=== Exercise requirements ===
From the entries below, retype only the lines from the one with "スターダスト加工を施したひし" through the one with "纹理滤波最大有效距离 | [0,20000] |", exactly as written.

** Source information follows **

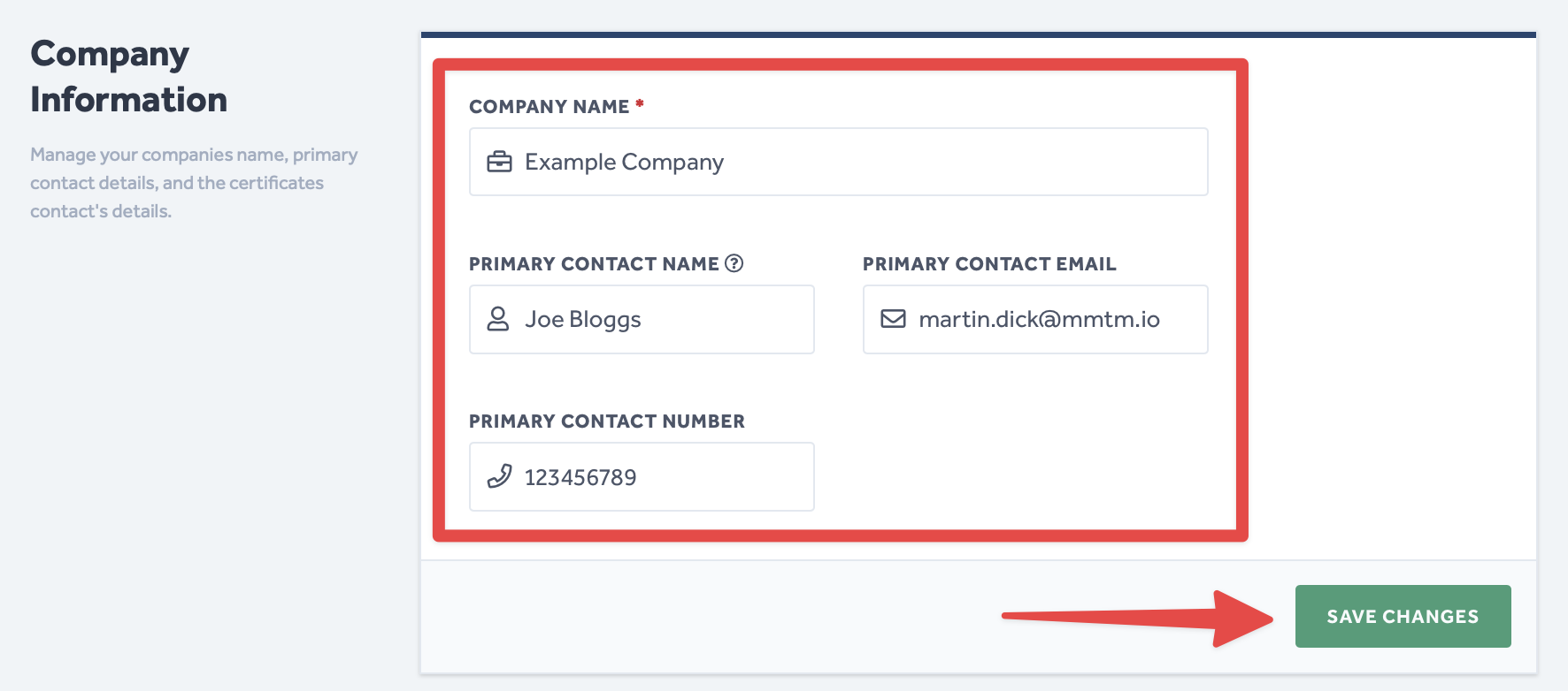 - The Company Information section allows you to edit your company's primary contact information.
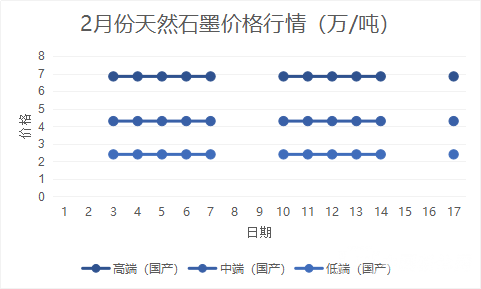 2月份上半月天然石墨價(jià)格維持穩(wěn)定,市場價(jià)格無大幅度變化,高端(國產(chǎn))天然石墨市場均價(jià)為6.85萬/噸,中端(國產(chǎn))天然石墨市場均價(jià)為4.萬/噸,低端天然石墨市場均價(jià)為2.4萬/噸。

** End of Source information **
** Source information follows **

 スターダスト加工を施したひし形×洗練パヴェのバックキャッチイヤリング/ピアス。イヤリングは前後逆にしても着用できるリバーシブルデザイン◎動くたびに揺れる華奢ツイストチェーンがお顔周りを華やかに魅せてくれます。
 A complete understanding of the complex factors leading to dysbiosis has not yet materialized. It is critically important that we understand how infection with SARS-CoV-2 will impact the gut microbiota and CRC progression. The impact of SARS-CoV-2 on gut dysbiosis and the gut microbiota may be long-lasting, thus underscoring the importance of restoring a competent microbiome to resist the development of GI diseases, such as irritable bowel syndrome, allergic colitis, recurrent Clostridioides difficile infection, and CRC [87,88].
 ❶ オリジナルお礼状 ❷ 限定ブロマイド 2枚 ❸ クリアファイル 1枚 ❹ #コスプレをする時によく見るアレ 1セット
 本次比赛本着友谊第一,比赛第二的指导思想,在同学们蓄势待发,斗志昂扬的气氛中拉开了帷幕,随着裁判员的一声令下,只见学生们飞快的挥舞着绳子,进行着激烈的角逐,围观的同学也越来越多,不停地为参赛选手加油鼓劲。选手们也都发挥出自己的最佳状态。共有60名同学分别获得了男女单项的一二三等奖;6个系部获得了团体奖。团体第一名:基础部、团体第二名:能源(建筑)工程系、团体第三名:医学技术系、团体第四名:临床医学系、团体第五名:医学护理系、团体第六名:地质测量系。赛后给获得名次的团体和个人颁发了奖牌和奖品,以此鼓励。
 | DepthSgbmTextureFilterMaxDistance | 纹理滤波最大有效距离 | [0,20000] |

** End of Source information **

=== Task response ===
 スターダスト加工を施したひし形×洗練パヴェのバックキャッチイヤリング/ピアス。イヤリングは前後逆にしても着用できるリバーシブルデザイン◎動くたびに揺れる華奢ツイストチェーンがお顔周りを華やかに魅せてくれます。
 A complete understanding of the complex factors leading to dysbiosis has not yet materialized. It is critically important that we understand how infection with SARS-CoV-2 will impact the gut microbiota and CRC progression. The impact of SARS-CoV-2 on gut dysbiosis and the gut microbiota may be long-lasting, thus underscoring the importance of restoring a competent microbiome to resist the development of GI diseases, such as irritable bowel syndrome, allergic colitis, recurrent Clostridioides difficile infection, and CRC [87,88].
 ❶ オリジナルお礼状 ❷ 限定ブロマイド 2枚 ❸ クリアファイル 1枚 ❹ #コスプレをする時によく見るアレ 1セット
 本次比赛本着友谊第一,比赛第二的指导思想,在同学们蓄势待发,斗志昂扬的气氛中拉开了帷幕,随着裁判员的一声令下,只见学生们飞快的挥舞着绳子,进行着激烈的角逐,围观的同学也越来越多,不停地为参赛选手加油鼓劲。选手们也都发挥出自己的最佳状态。共有60名同学分别获得了男女单项的一二三等奖;6个系部获得了团体奖。团体第一名:基础部、团体第二名:能源(建筑)工程系、团体第三名:医学技术系、团体第四名:临床医学系、团体第五名:医学护理系、团体第六名:地质测量系。赛后给获得名次的团体和个人颁发了奖牌和奖品,以此鼓励。
 | DepthSgbmTextureFilterMaxDistance | 纹理滤波最大有效距离 | [0,20000] |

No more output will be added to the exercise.